There is something to be said for fire- it burns everything to the ground. The house of my life has burnt down. My past is gone, never to return. I stand naked, anticipating life's next adventure.... my heart longs for the sea. It's time to let it all burn and not be sorry to see it go. Be grateful for the lessons and move up to the next phase of learning.

I can't help but notice a recurring theme in my posts here... is it my Leo nature coming through? The all-consuming sun?
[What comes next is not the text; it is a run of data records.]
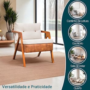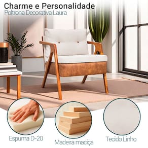 Composição e Estrutura: Sua estrutura em madeira maciça garante resistência e durabilidade para o dia a dia. O encosto com almofada solta, preenchido com fibra siliconada, e o assento em espuma D-20 proporcionam um conforto envolvente. Os braços em madeira e os detalhes sofisticados em tecido corino tornam essa poltrona um verdadeiro destaque no ambiente. Suporta até 120 kg.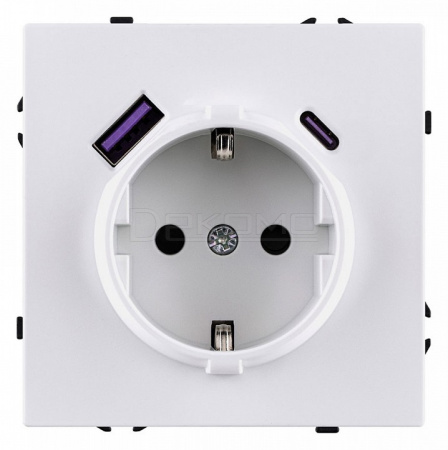 Розетка с заземлением и со шторкой и 2хUSB type A и C, без рамки Eclipse EC-016WG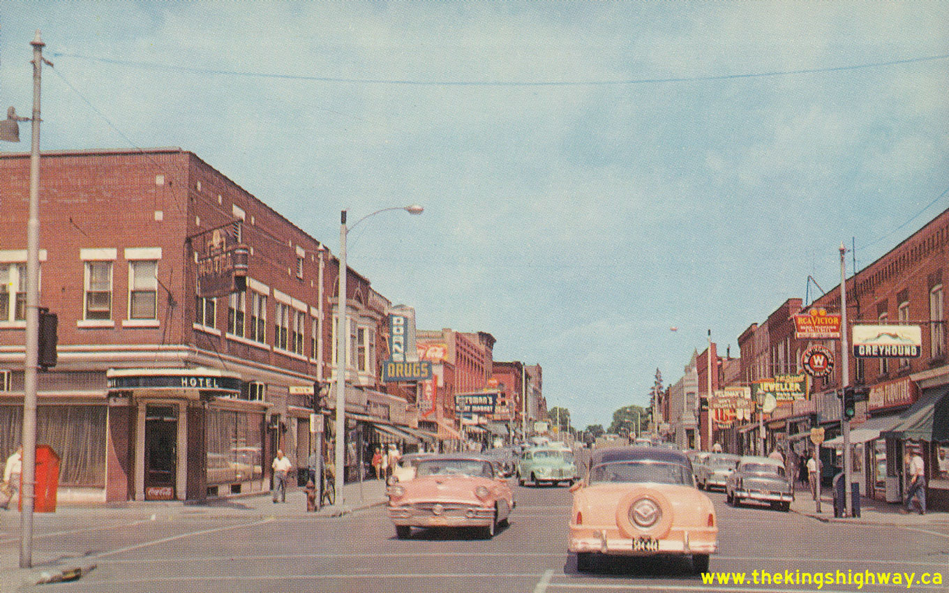 Photo at Right: Circa 1957 postcard view of Erie Street (Hwy 18) in Downtown Leamington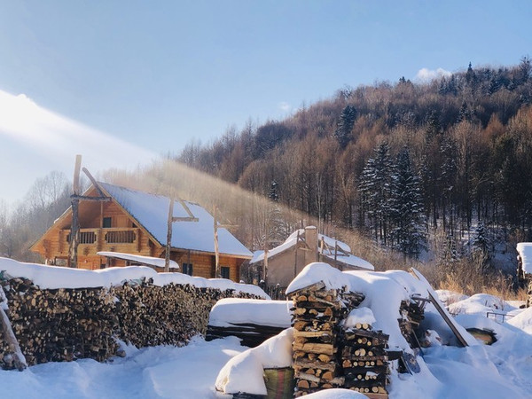 木屋.积雪.玉米串.这副搭配真的很 东北 了

Friday, September 10, 2010

I smell smoke...

And linger
To catch the scent of fire,
Of crackling wood, incense, and car tires,
Smoldering buildings,
Crusted meat.
They rise up to tell a story,
Burning the past
To make it whole again-
if only just for a moment.

Sunday, August 22, 2010

Sitting on the couch.
Listening for small sounds.
Scouring the the internet for no particular reason,
Eating the last of the macaroni and cheese,
And the sliced watermelon.

Friday, May 28, 2010

Sunday, April 25, 2010

today, I am looking at cognitive process. NebRa is now 7 months old and I have noticed a shift from the home to the outside world. Up until now, I have been clear about the environment in which he needs to develop. I must keep a constant check of my mood and the energy I am putting out, being sure it is kept positive and nurturing, always. You realize just how vulnerable babies are to the energy and influence around them; any space they occupy must be filled with love and encouragement. I have kept things quiet and calm, limit television and radio in favour of simple songs I sing out and dance to, and gentle talk and conversation between us. It has been a world of internal exploration- understanding the body and communicating with the body; motor skills being honed. I feel as a result, NebRa has developed a strong sense of Self and an understanding of his own rhythm. His crawling has led to the exploration of everything around him, and with that comes a kind of reaching out into unknown space. That space now needs to filled with family and friends. New faces mean new lessons in communication, new boundaries to be tested, new language.

This shift to the outside has led me to neighborhood programs for babies his age. Story times at the library, games and play at the early years centre. Watching him interact with the 'new' is exhilarating. You can almost see the neurons firing and creating new pathways in his mind.